Il y a cinquante ans, le 17 janvier 1961, s’écrivait l’une des pages les plus controversées et les plus sanglantes de la colonisation belge au Congo : Patrice Lumumba, le Premier ministre du pays fraîchement indépendant, était assassiné. Rencontre à Kinshasa avec sa femme et ses fils.

 

 

Le 17 janvier 1961, Patrice Emery Lumumba et deux de ses compagnons de lutte étaient fusillés dans un coin de brousse au Katanga. A Bruxelles, une commission d’enquête parlementaire a naguère établi la « responsabilité morale» du gouvernement belge de l’époque dans le processus qui a conduit à l’élimination du premier Premier ministre de l’histoire du Congo indépendant.  

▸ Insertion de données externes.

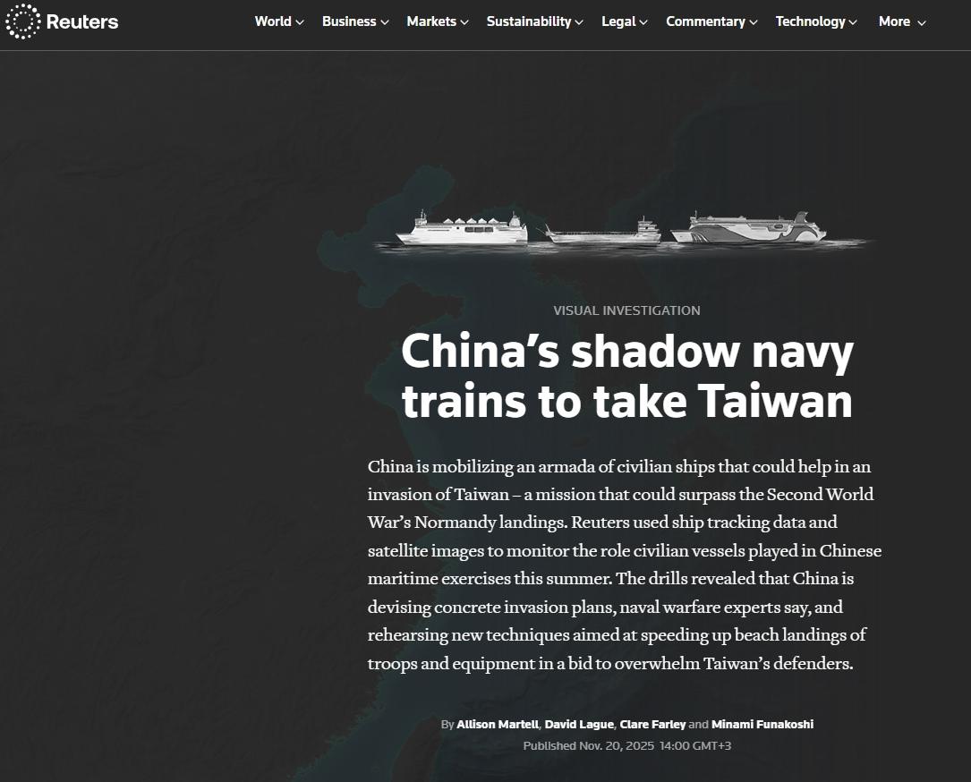 Tayvan, son dönemde Çin’in olası bir işgaline karşı başlattığı tatbikatlarla hazırlıklarını sürdürürken Reuters, dünya gündemine bomba gibi düşen bir analize imza attı. Reuters, 20 Kasım‘da hazırladığı bir analizle Çin, Tayvan’a yönelik olası bir amfibi harekâtı için harekete geçtiğini ve bu kapsamda sivil feribotlar ve güverteli kargo gemilerini askeri kullanıma uygun hale getirmek için çalışmalara başladığını duyurdu.

Un acte d’ingérence indéfendable au regard du droit international. Un crime barbare aussi. Ecarté du pouvoir alors qu’il avait le soutien de la majorité de la population congolaise, mis sous résidence surveillée puis emprisonné, victime de violences arbitraires tant physiques que morales, Patrice Lumumba a finalement été exécuté sans procès. Son corps a été ensuite enterré. Puis déterré. Découpé à la scie. Dissous dans l’acide. Une cruauté inimaginable à mettre en rapport, sans doute, avec la peur que cet homme, tant vivant que mort, inspirait à ses ennemis.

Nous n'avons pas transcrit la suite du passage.